Roger’s role at the UN, referred to above, came about because the then leader of Amnesty International’s campaign for worldwide abolition of the death penalty, Eric Prokosch, was asked by the UN Secretariat to find a criminologist to work with them on this issue. While American death penalty scholars were focused on laws, policies and practices within the borders of the United States, and some UK criminologists couldn’t see the point in researching an obsolete punishment, Roger was interested in developing a global perspective.

But while his entry into death penalty scholarship came via Amnesty International, his empirical research was developed along with The DPP. The absence of empirical criminological and socio-legal research in all but a very few retentionist jurisdictions other than the United States had been a serious impediment to greater knowledge about how the death penalty is administered worldwide. In 2003, this began to change as Roger was commissioned by The DPP to undertake empirical studies on the death penalty, including on the use of the death penalty in Trinidad and Tobago, a country with an exceptionally high homicide rate which still retained the mandatory death penalty for murder.

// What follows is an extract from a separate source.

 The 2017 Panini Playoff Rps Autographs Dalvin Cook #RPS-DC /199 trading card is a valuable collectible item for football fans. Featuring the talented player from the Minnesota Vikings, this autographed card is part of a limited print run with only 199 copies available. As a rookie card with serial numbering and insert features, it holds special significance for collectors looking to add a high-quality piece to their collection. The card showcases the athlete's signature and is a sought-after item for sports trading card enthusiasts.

This project marked the start of a long and fruitful relationship during which time Roger and, more recently, I collaborated with The DPP on empirical research on the death penalty in Asia, Africa, and The Caribbean. The reports produced have influenced practitioners and policymakers and have the potential to influence governments, as we saw most recently when the President of Zimbabwe wrote the Foreword to our report on opinion formers views on the death penalty. He stated that “It is my sincere hope that, in the near future, Zimbabwe will formally abolish the penalty by removing it from our statute books.” It is my sincere hope too, but while we wait for that to happen, those of us involved in the work of the DPRU will continue to educate ourselves on death penalty laws and practices worldwide and to encourage death penalty scholarship more widely.

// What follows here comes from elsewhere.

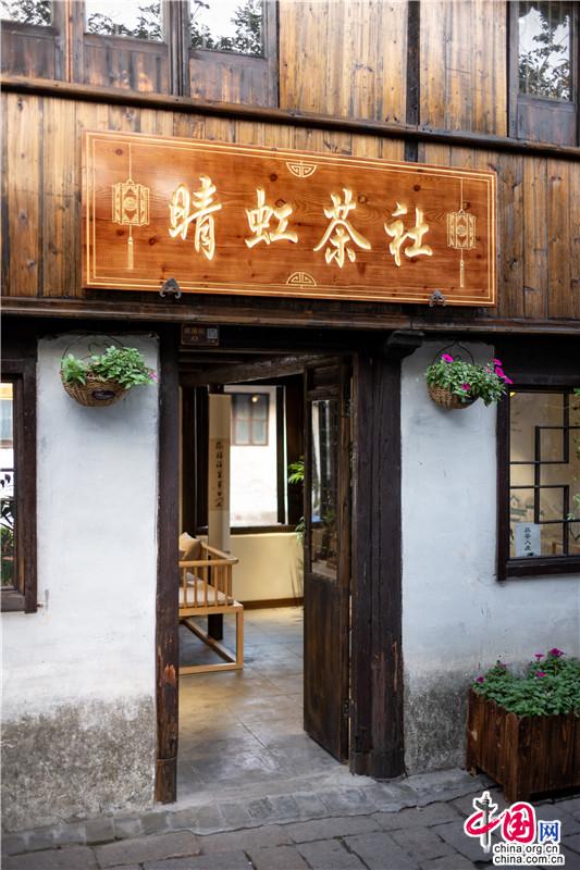 一杯清茶慰秋凉。一半清香,一半醉。湖光软漾,目光游弋,步子跟着流水缓了下来,斜身隐入街角的茶楼,点上一杯“阿婆茶”,这是周庄入秋的仪式。古朴气韵、木香缠绕,声色之间,抿一口茶香,身与心皆泡在这杯江南意境里。正如馆名“晴虹茶社”,一杯茶歇,如晴日彩虹,拂开心中尘雾,只见晴天与好事。聚宾楼里阿婆茶香就着声声悠扬,时间氤氲成过眼云烟。

We will develop theoretical, empirical and policy-relevant research on the death penalty and, importantly, produce and disseminate knowledge in cooperation with civil society, charities, legal practitioners and local academics in those countries where research is ongoing. We will do this working with our partner organisations in Pakistan, India, Indonesia, Malaysia, Taiwan, Australia, Iran, Singapore and beyond, but in particular with The DPP. We hope to develop our network of scholars, practitioners, campaigners, and others interested in the death penalty and invite them to contribute to our work, using this blog as a mechanism for engagement and education. We welcome contributions to our new blog, so, do get in touch!

Carolyn Hoyle, Director of the DPRU

[1] The death penalty for arson in the Royal Dockyards was abolished by the Criminal Damage Act 1971. The death penalty was completely abolished in the United Kingdom in 1998, with enactment of the Crime and Disorder Act 1998, s 36 and with the Human Rights Act 1998, s 21(5).

[2] For an engaging study of the events that led to abolition, see J. B. Knowles QC, The Abolition of the Death Penalty in the United Kingdom, The Death Penalty Project, 2015.